Hal itu membuat Liu Xingsheng menggelengkan kepalanya. Bagaimana mungkin dia bisa naik di punggung Yi Hua yang kecil ini. Bagaimana jika ia tak sengaja mematahkan tulang rusuk Yi Hua karena tubuh beratnya.


"Yi Hua, aku rasa kau hanya perlu memapahku. Meski tubuhmu kuat seperti sapi, tetapi kau perlu tenaga untuk bertarung," ujar Liu Xingsheng sambil membentangkan kipasnya. Setidaknya ia bisa menjauhkan para mayat ini jika mereka mendekat.


Yi Hua bangkit kembali. Seperti yang dikatakan oleh Liu Xingsheng, mereka perlu tenaga untuk bertahan. Ia hanya berharap semua penduduk yang tinggal di dekat alun tidak membuka pintu kediaman mereka. Itu akan menambah masalah baru nantinya.


Yi Hua memerintahkan sambil memapah Liu Xingsheng, "Periksa jalan, Xiao."


Liu Xingsheng jelas mendengarnya, tetapi ia tak bisa bertanya apa-apa pada Yi Hua. Jelas sekali ia juga sudah terbiasa dengan Yi Hua yang sering bicara sendiri. Ia hanya berusaha menegakkan tubuhnya yang lemah. Sebisa mungkin menahan beban tubuhnya.


Tinggi Yi Hua hanya sampai di leher Liu Xingsheng. Hal itu membuat Liu Xingsheng tertawa kecil. "Dengan tubuh kecilmu ini, jika suatu saat kau mengaku jika kau seorang gadis, aku akan langsung percaya," ujar Liu Xingsheng dengan tawanya.


Aku memang gadis, Liu Xingsheng! Hanya saja kau yang sering bercanda, tetapi benar itu.


Xiao memberi arah, "Terus saja ke arah kiri, HuaHua. Di sana ada rumah penduduk yang paling terdekat dengan jarakmu. Kau bisa meminta beras untuk mengobati keracunan bubuk mayat Liu Xingsheng ini."

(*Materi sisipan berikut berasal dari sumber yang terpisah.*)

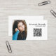 This business card design features a photo placeholder with template name and occupation and QR code on the front. The back includes coordinated design and colours with text fields for the business name and details. Replace the placeholder photo with your vertical format photograph and add your QR code. Fill in the personalize fields, remove any text or click customize to select a font style, size, and colour you like.The placeholder photo is courtesy pixabay.com.

Yi Hua mengangguk sambil menyesuaikan pandangan melalui cahaya minim. Mungkin ada lentera yang terjatuh ke tanah sehingga menimbulkan api. Dan, terima kasih, karena berkat itu ada sedikit cahaya di malam tak berbintang ini. Mungkin tak lama lagi hujan.


SRAK!


SRAK!


"HuaHua, di sebelah kananmu ada mayat berjalan." Xiao segera memberitahu Yi Hua.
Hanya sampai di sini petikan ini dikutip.